A projectile was launched from the ground with a certain initial velocity. Militaries used a radar to determine the vertical coordinate y(t) of the projectile for two moments of time t measured in seconds from the moment when the projectile was launched. The radar measurements showed that y(2)=269 meters,y(5)=565 meters. Calculate the maximum of y(t) if it is known as follows:
The projectile was moving along a vertical line.
The acceleration due to gravity g is 9.81 meter/〖second〗^2.
There is a resistance proportional to the velocity of the projectile.
The value of the empirical coefficient ρ is a constant.
Distances are measured in meters.
try
a dy/dt + d^2 y/dt^2 = - 9.81
try
y = -(9.81/a) t + [ (V + 9.81/a)/a ] e^-at
To calculate the maximum of y(t), you need to determine the equation of motion for the projectile.
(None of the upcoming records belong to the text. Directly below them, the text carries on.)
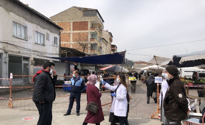 Karabük’ün Yenice ilçesinde vatandaşlar yeni tip Korona virüs (Covid-19) salgını nedeniyle pazar alanlarına ateşleri ölçüldükten sonra alınırken, maskesiz kimsenin girmesine izin verilmedi.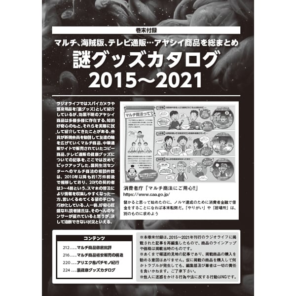 紙の雑誌版限定で、隔月で巻末付録を付けています。9月号はマルチ商品、テレビ通販グッズ、健康器具のレビュー記事の総まとめ。2015~2021年掲載の記事からピックアップしました。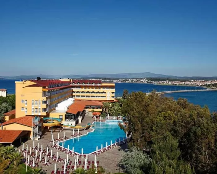 Hotel Halic Park Sarimsakli, se nalazi se na ostrvu Džunda, na obali zaliva povezan prevlakom sa Ayvalikom (2km), u mirnom delu van naselja Smešten na samo 250 m od plaže u sopstvenom vrtu, ovaj hotel predstavlja pravu oazu mira.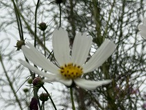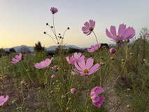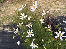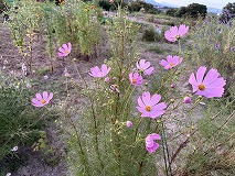 この花はコスモスの仲間のオオハルシャギク(大春車菊)とおもわれます。秋に桃色の花を咲かせますが、品種改良により白、赤、黄色、オレンジなどの色も作り出されているようです。短日植物で日照時間が短くなると花が咲くようです。しかし近年では品種改良により6月から咲く早生品種もあります。原産地はメキシコの高原地帯で、日本には明治20年頃に渡来したと言われています。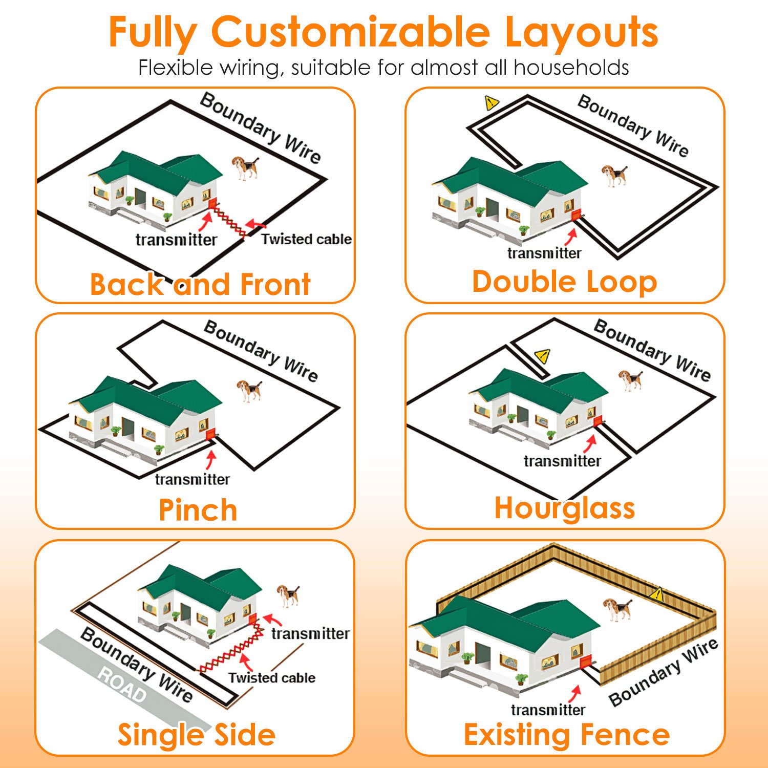 *Self-made Boundary Area*:with our 984 feet boundary wire,you can freely set an enclosed space in the yard for your dog to ensure its safety.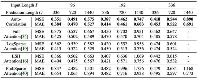 自相关机制 vs. 自注意力机制:同样基于深度分解架构,在众多输入-输出设置下,自相关机制一致优于自注意力机制及其变体,比如经典Transformer中的Full Attention,Informer中的PropSparse Attention等。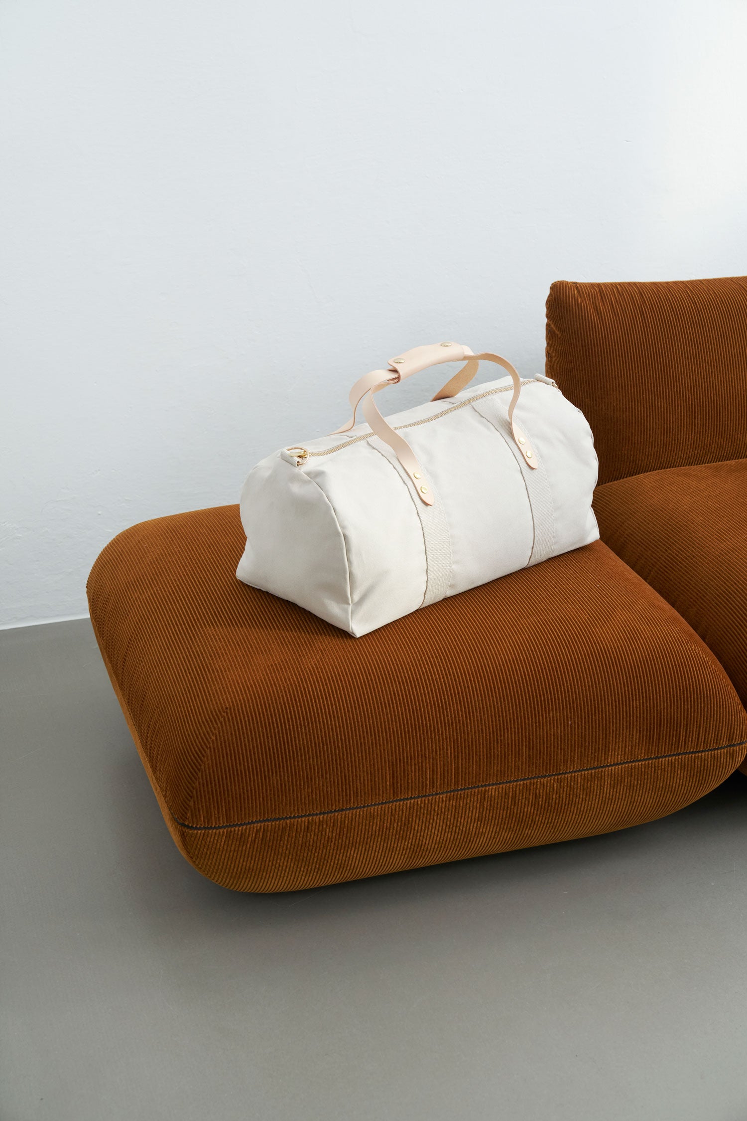 Our Vegan Weekender is a sustainable travel bag free from animal components. Made with cotton for straps and main material, it is particularly durable yet pleasantly lightweight – ideal for comfortable and conscious travel.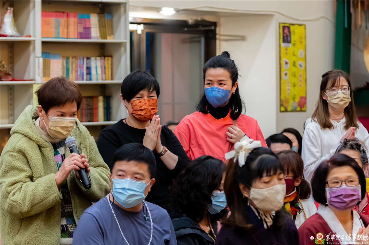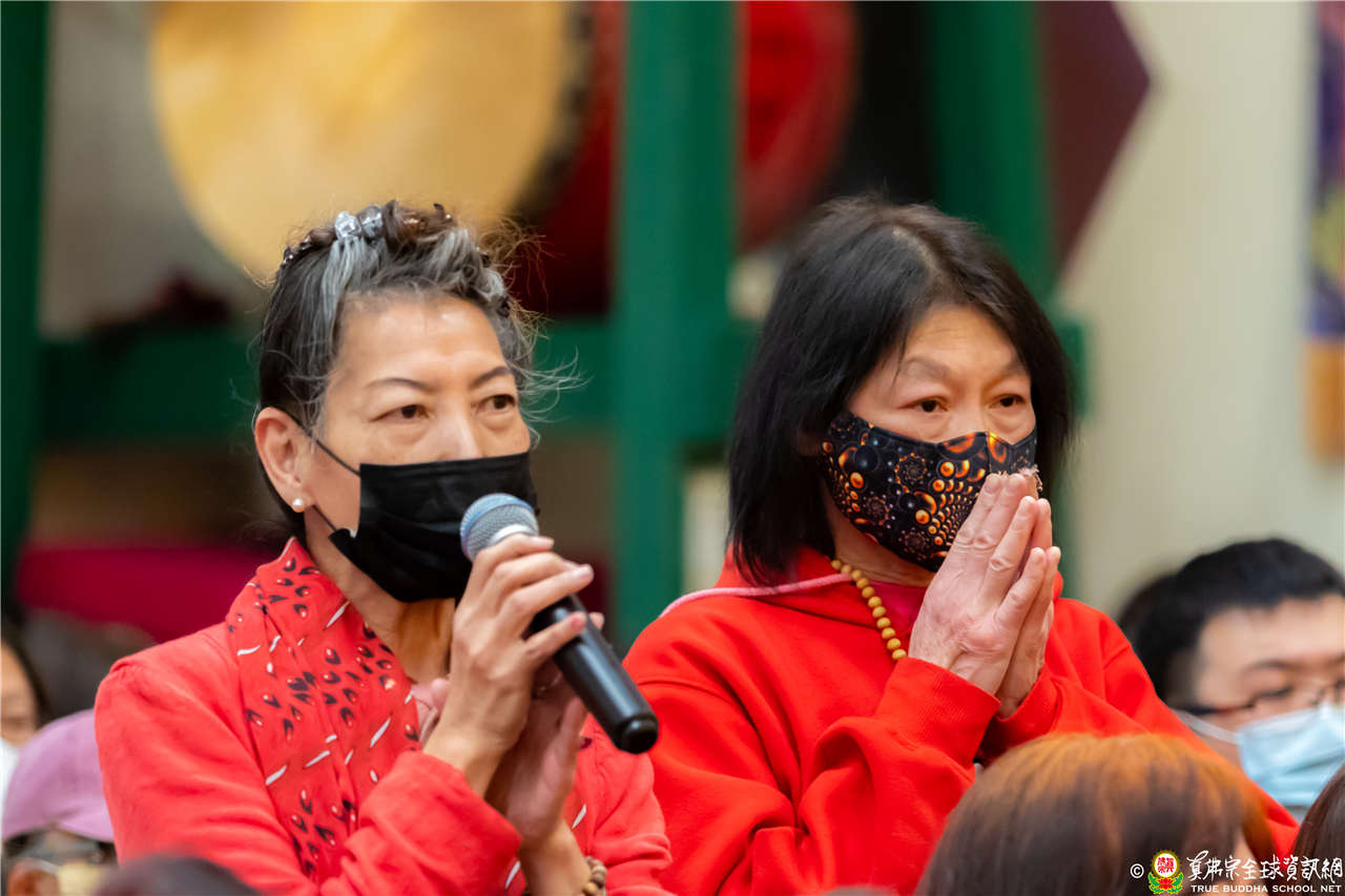 上個禮拜有一位Las Vegas來的同門,她一家人全部來皈依。她說:「師尊的背後有金色的光明。」那是因為心清淨才有的光明。《維摩詰經》的重點,「心淨則國土淨」,心裡清淨了,看任何事情都是清淨;心裡污穢,看任何事情都是污穢。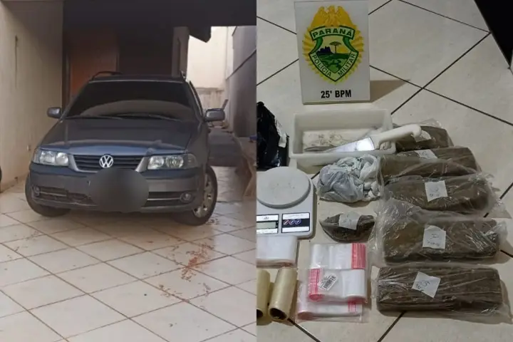 Um homem de 36 anos foi preso, no fim da tarde desta terça-feira (6), em Pérola, após ser flagrado em posse de drogas e escondendo em sua residência um veículo VW Parati que teria sido roubado em Umuarama.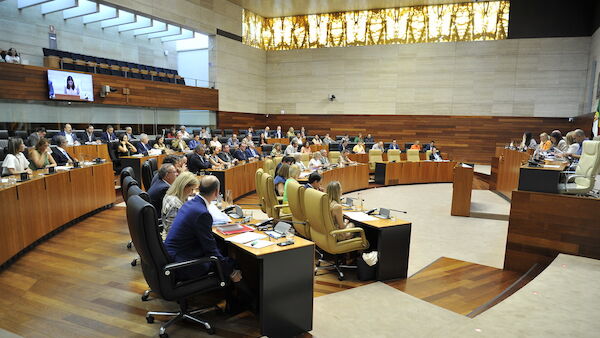 Finalmente, tras la toma de posesión, la presidenta de la Asamblea de Extremadura, Blanca Martín, les ha dado la bienvenida a los cinco nuevos diputados a la Cámara regional.
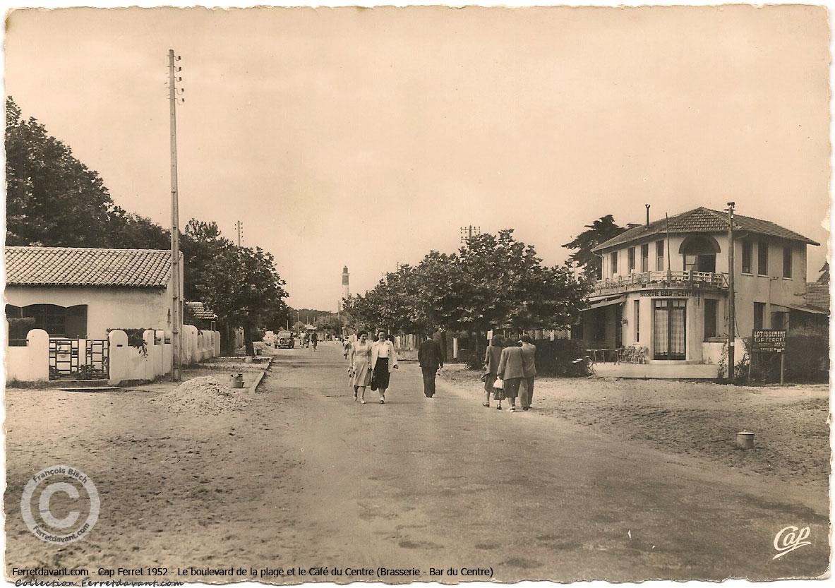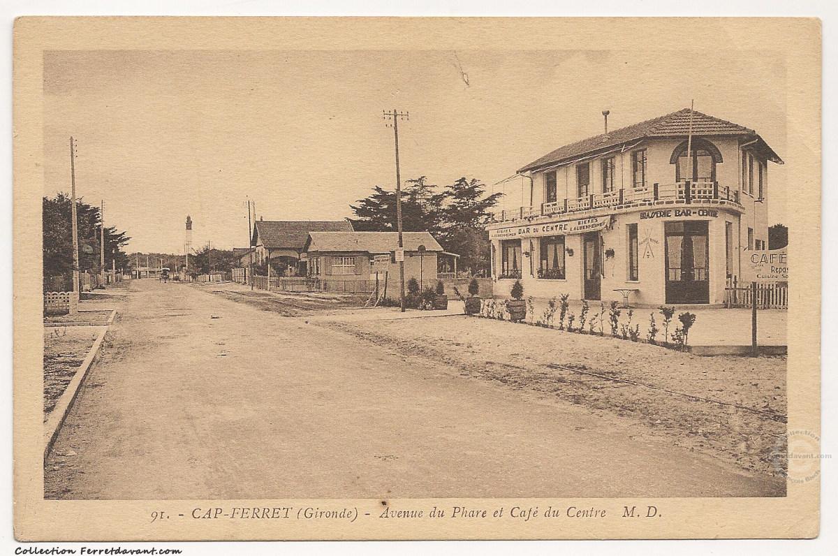 Carte postale représentant le phare et boulevard de la plage du Cap Ferret (ex avenue du phare) et le Café du Centre (aujourd'hui fermé). Le bâtiment est toujours debout et tout à fait reconnaissable de nos jours. Remarquez les poubelles en métal de couleur crème disposées le long du boulevard de la plage : les éboueurs ne sont pas encore passés :-)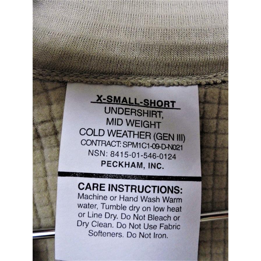米軍実用のGEN3プルオーバーフリースです。 POWER DRYグリッドを素材に用いているため、軽量でレイヤリングした際の保温性、伸縮性にも優れているアイテムです。 耐久性にも優れており長くお使いいただけ、また、ライトウェイト化が進んでいるためかさばらないという、非常に使い勝手の良いアイテムです。 レプリカではない本物の放出モデルの新品でこの価格! 普段はUS.Sサイズの方も、インナー用途でしたら着ていただけるサイズ感かと思います。 新品 TAN US.XS-Regular=着丈:(後ろ)約75cm, 身幅:約47cm, 肩幅:約45cm, 袖丈:約63.5cm *メーカーはKCARCとPECKHAMが混在しており、POLARTECのタグはあったりなかったり。 また、納入年度、タグのデザイン、数、種類等が個体により異なる場合がございますが、いずれかをお選びすることは出来かねます。 GEN3にもよく見られるようなタグの茶ばみやシミが発生している場合がございます。 また、オリジナル以外のパッケージに入れ替える場合がございます。 PECKHAMのタグはXS-Shortの物を流用しておりますが、現物はXS-Regularのみでの入荷となっております。

The equation of motion is given by:
y(t) = ut - (1/2)gt² + v0t + c
Where:
- y(t) represents the vertical coordinate of the projectile at time t.
- u is the initial velocity of the projectile.
- g is the acceleration due to gravity.
- t is the time in seconds.
- v0 is the resistance proportional to the velocity of the projectile.
- c is a constant.
Since the projectile was launched from the ground, the initial vertical coordinate (y(0)) would be 0. Therefore, the equation of motion can be rewritten as:
y(t) = ut - (1/2)gt² + v0t
To find the maximum of y(t), we can differentiate the equation with respect to time and equate it to zero:
dy(t)/dt = u - gt + v0 = 0
Solving this equation for t will give us the time at which the projectile reaches its maximum height. Once we find this value of t, we can substitute it back into the equation of motion to calculate the maximum vertical coordinate (y).
Let's find u and v0 using the given information:
- y(2) = 269 meters
- y(5) = 565 meters
Using the equation of motion, we can set up two equations:
1. 269 = 2u - (1/2)g(2²) + v0(2)
2. 565 = 5u - (1/2)g(5²) + v0(5)
Now we have two equations with two variables (u and v0). We can solve these equations simultaneously to find the values of u and v0.
Once we have u and v0, we can substitute them back into the equation of motion to find the maximum vertical coordinate y(t) at the corresponding time t.
Note: The given information does not provide any details about the empirical coefficient ρ, so we do not need it to solve this problem.